Inclusion Criteria: - Primary myelofibrosis, post-PV MF, or post-ET MF that requires therapy - MF patients must have received prior JAK2 inhibitor therapy, and been found to be intolerant, or refractory/relapsed from prior JAK2 inhibitor therapy, based on investigator assessment - ≥18 years old - ECOG Performance Status of ≤ 3 - Estimated life expectancy of ≥12 weeks - Male or non-pregnant, non-lactating female patients - Serum creatinine of ≤1.5 × the upper limit of normal (ULN)OR estimated creatinine clearance (CrCl) ≥ 40 ml/min/1.73 m2 - Aspartate aminotransferase (AST) and alanine aminotransferase (ALT) ≤3 × the upper limit of normal (ULN) and total bilirubin ≤1.5 × ULN. If the total bilirubin is elevated between 1.5 x and 3 x ULN, patients with a direct bilirubin ≤ 1.5 X ULN are eligible during the Phase II portion. - Absolute neutrophil count (ANC) >1000/μL and Platelet count > 25,000/μL - QTcB ≤ 480 msec - No MF-directed treatment for at least 2 weeks prior to initiation of NS-018, including any use of corticosteroids for Myelofibrosis symptom or blood count management. Low dose corticosteroids ≤ 10 mg/day prednisone or equivalent is allowed for non-myelofibrosis purposes. Exclusion Criteria: - Active, uncontrolled systemic infection - Patients with any unresolved toxicity greater than Grade 1 from previous anticancer therapy - Potentially curative therapy is available - Currently taking medication that is substantially metabolized by cytochrome P450 (CYP) 1A2 or CYP3A4 or taking medication known to be strong inhibitors or inducers of CYP3A4 - Patients with a serious cardiac condition within the past 6 months - Pregnant or lactating - Radiation therapy for splenomegaly within 6 months prior to study entry - Splenectomy (Phase 2 portion of the study only) - Known HIV positive status - Known active hepatitis, a history of viral hepatitis B or hepatitis C

Additional Information

Official title A Phase 1/2, Open-label, Dose-Escalation Multi-center Study to Assess the Safety, Tolerability, PK and PD of Orally Administered NS-018 in Patients With Primary Myelofibrosis (MF), Post-polycythemia Vera MF, or Post-essential Thrombocythemia MF
Principal investigator Srdan Verstovsek, M.D., Ph.D.
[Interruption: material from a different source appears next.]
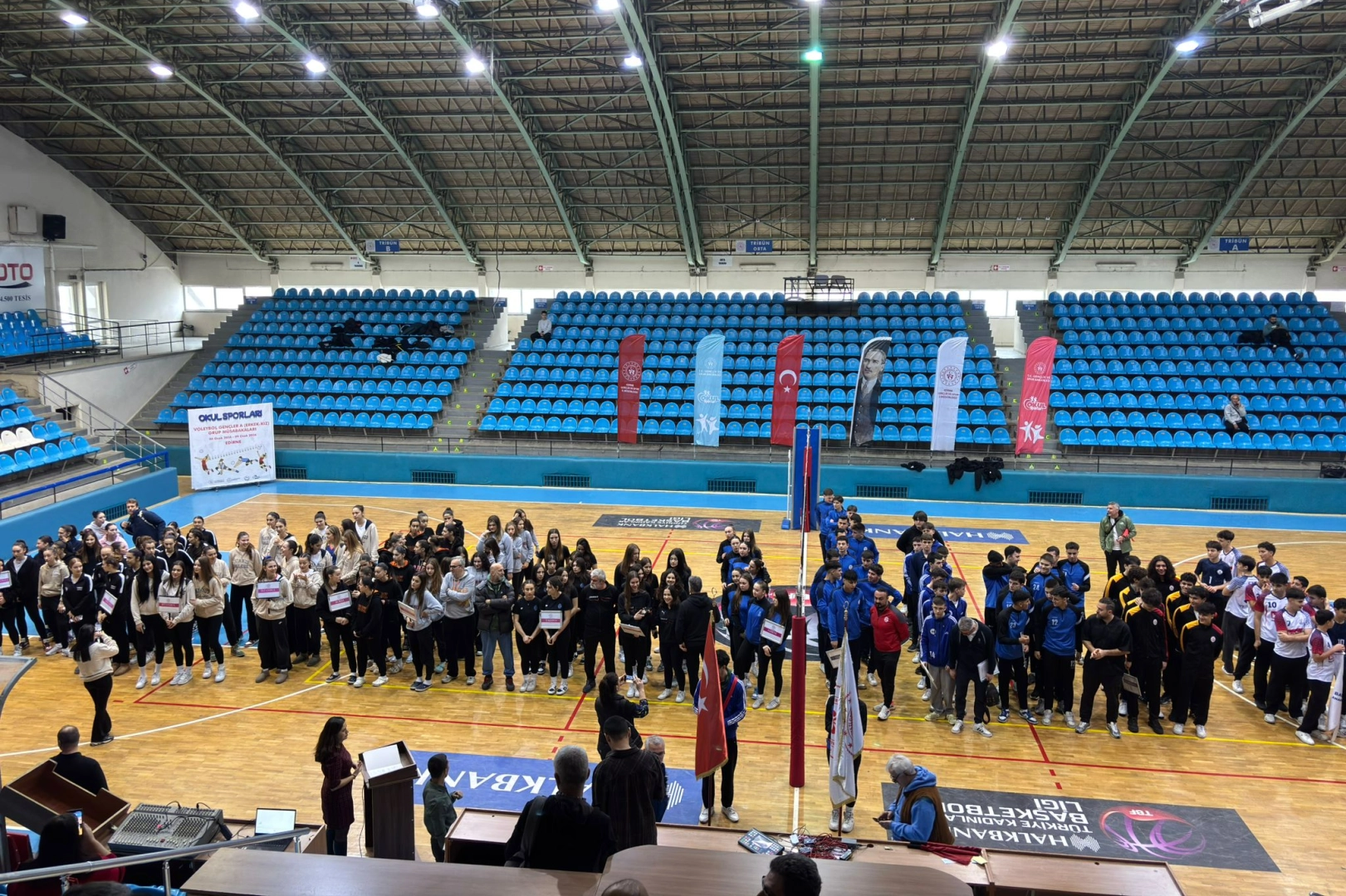 Edirne’de Okul Sporları Voleybol Gençler (Erkek-Kız) Grup Karşılaşmaları açılış seremonisi Mimar Sinan Spor Salonu’nda gerçekleştirildi. Saygı duruşu ve İstiklal Marşı ile başlayan program açılış konuşmasıyla devam etti.

Description This is a Phase 1/2 study that is currently enrolling JAK2 failures into the Phase 2 portion of the study.
Trial information was received from ClinicalTrials.gov and was last updated in October 2016.
Information provided to ClinicalTrials.gov by NS Pharma, Inc..
Location data was received from the National Cancer Institute and was last updated in October 2016.